Everything that happened before, during and after Obama's visit to Cairo was not "PR". It was politics in action and deeds, in the strictest definition of the term, aimed at changing an intolerable reality. The problem is that such politics in action is coming from one side only: America moves and Israel retorts and digs in its heels. Meanwhile, the Arabs, who have an immediate interest in all this, either opt for silence or spout familiar clichés about fixed principles from which there can be no stepping back. Perhaps there is nothing wrong with this approach in principle. After all, Israel is the one occupying Arab territory, meting out misery to the Palestinians and committing no end of offences and crimes that have perpetuated the conflict for so long. However, down here on earth, where the politics of diplomacy is played out, if the task is to change an intolerable situation then something more must be done than to parrot truisms and point to the Arab peace initiative. Exactly what to do must take as its starting point an attempt to answer the question as to what the region will be like after the establishment of a Palestinian state with its capital in East Jerusalem, after Israel withdraws from all other occupied territories, after a just solution to the cause of the Palestinian refugees and a conclusion to the conflict that does not jeopardise the existence of Israel. I underscore the latter part of the question, here, because under the laws of the politics of diplomacy there can be no vision for a negotiated solution that ultimately eliminates one of the parties. To think otherwise is to inherently shift the question from the realm of diplomacy to the realm of war.

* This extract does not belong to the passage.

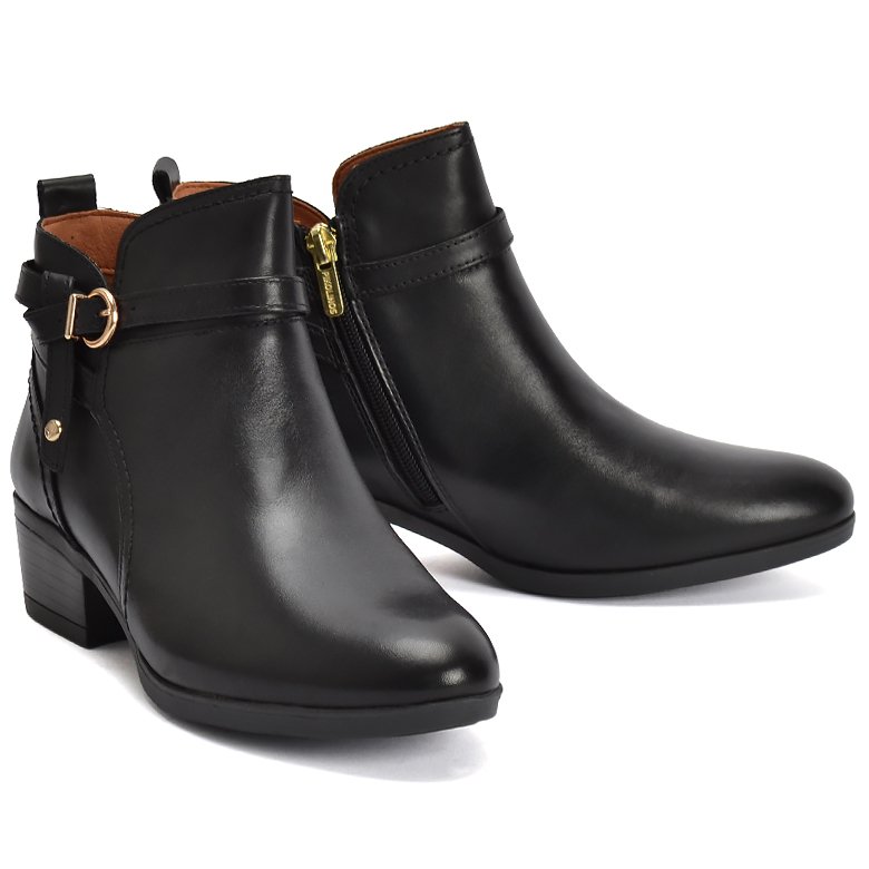 Low heel leather ankle boot with pull tab, inside zip for ease of entry and decorative leather strapping.

Obama's visit to Saudi Arabia and then to Egypt was not a PR gambit. It was part of his drive to solve the Palestinian question and it landed the ball not only in the Israeli court but in the Arab court as well. In the Israeli court, the people prepared to reach a historic settlement with the Arabs will make a grab for the ball and the people determined to perpetuate a historic enmity will try to snatch it out of their hands. Over here, in our court, I imagine that the squabble over the ball, if there is one, will take place between those who prefer to wait until the problem solves itself and those who prefer to hand the whole problem over to Obama in the hope that he'll spare us all the trouble of coming up with solutions. I wonder, will there emerge a new Arab trend keen upon resolving a conflict that has caused no end of distress to people everywhere for decades and that will have the courage to come up with some answers to questions no one likes to think about?
* The writer is director of Al-Ahram Centre for Political and Strategic Studies.